En 2016-2017, une évaluation des risques écologiques posés par la carpe de roseau dans le bassin des Grands Lacs a été menée sous la direction de Pêches et Océans Canada, afin de déterminer l’ampleur des risques posés par cette espèce et fournir des conseils utiles et scientifiquement fondés sur la prévention, la surveillance et la détection précoce, ainsi que pour présenter des mesures potentielles de gestion aux gestionnaires et aux décideurs, au Canada comme aux États-Unis. Cette évaluation des risques visait les carpes de roseau diploïdes et triploïdes. On a évalué la probabilité d’occurrence (probabilité de l’arrivée, de la survie et de la propagation) de la carpe de roseau triploïde, la probabilité d’introduction (probabilité de l’arrivée, de la survie, de l’établissement et de la propagation) de la carpe de roseau diploïde, ainsi que l’ampleur potentielle des conséquences écologiques. La présente page Web résume les résultats de l’évaluation du risque. Lire l’Évaluation des risques écologiques posés par la carpe de roseau complète et la mise à jour à l’Évaluation des risques écologiques posés par la carpe de roseau.

Grass Carp

La carpe de roseau (Ctenopharyngodon Idella) est une espèce originaire des fleuves de l’Est de l’Asie vivant dans un climat de subtropical à tempéré. Elle se nourrit principalement de végétation aquatique, mais aussi d’algues filamenteuses et de macrophytes terrestres et aquatiques, d’invertébrés et de petits poissons. La carpe de roseau a été apportée en Amérique du Nord en 1963 dans le cadre d’une initiative de l’Organisation des Nations Unies pour l’alimentation et l’agriculture, du US Fish and Wildlife Service et de l’Université Auburn afin de lutter contre la végétation aquatique par des moyens biotiques. L’espèce a frayé avec succès, et l’on pense que des jeunes se seraient enfuis des enclos expérimentaux.

ARRIVÉE

La carpe de roseau est arrivée dans les lacs Michigan, Érié et Ontario. L’arrivée dans un lac est définie comme le signalement répété d’au moins une carpe de roseau dans au moins une partie du bassin du lac, durant une période continue de cinq ans.

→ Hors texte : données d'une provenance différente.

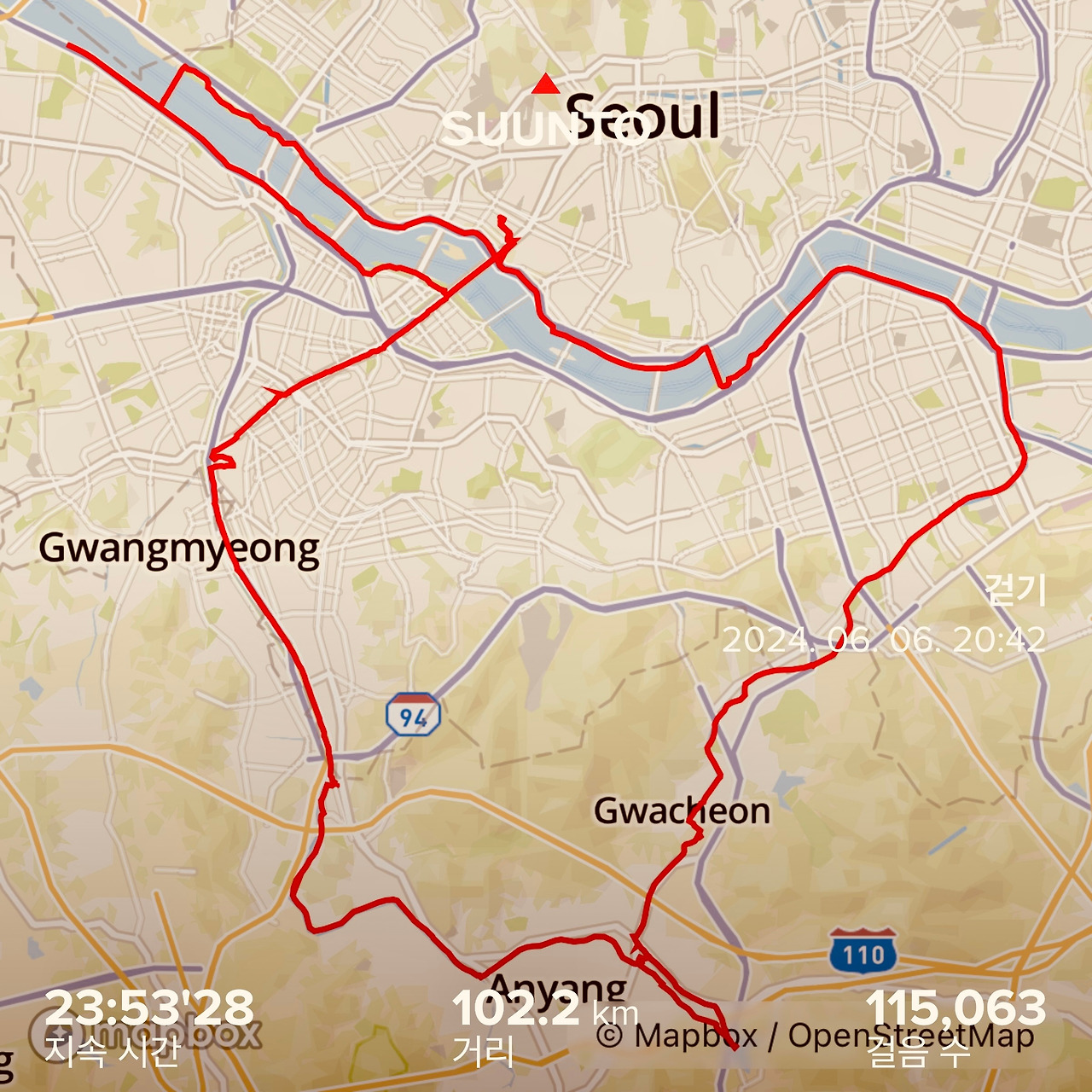 아이고, 하는 소리가 뒤에서 들린다. 마치 비장한 전쟁터에 나가는 모양새로 포옹을 하고, 어깨 툭툭 두들겨주고 집을 나섰다. 아파트 입구에서 시간을 재고, 걷기 프로그램을 켰다. GPS가 가동된다. 그리고 출발 사진을 찍었다. 24년 6월 6일, 저녁 8시 42분. 오늘 나는 ‘나의 1년간 미친 듯이 걷기’의 마지막 미션으로 ’24시간 잠 안 자고, 쉬지 않고‘ 걷기에 나섰다. 어디 플래카드라도 만들어서 걸어 놓을 정도로 이름도 멋지게 지었다. ‘24 Hours Nonsleep, Nonstop’

Trois vecteurs potentiels d’entrée dans les bassins des Grands Lacs ont été déterminés et évalués : par connexion physique, rejet lié aux activités humaines et par des eaux de ballast de cargos hors mer. Dans le cas du lac Érié, on ignore encore si l’arrivée de la carpe de roseau diploïde a eu lieu par les vecteurs et voies d’entrée ci-dessus, ou si elle s’est propagée à partir d’un autre Grand Lac. La possession, l’importation, la propagation, le stockage, la vente et le transport de la carpe de roseau diploïde ou triploïde sont interdits au Michigan, au Minnesota, en Ontario et au Wisconsin. La carpe de roseau triploïde est autorisée dans les États de l’Illinois, de l’Indiana, de l’Ohio, de New York et de la Pennsylvanie. La possession de carpes de roseau diploïdes est permise en Iowa et au Missouri, ces États bordant au moins un des États des Grands Lacs (voir la figure 1). La réglementation et sa mise en application efficace joueront un rôle déterminant sur la probabilité d’arrivée.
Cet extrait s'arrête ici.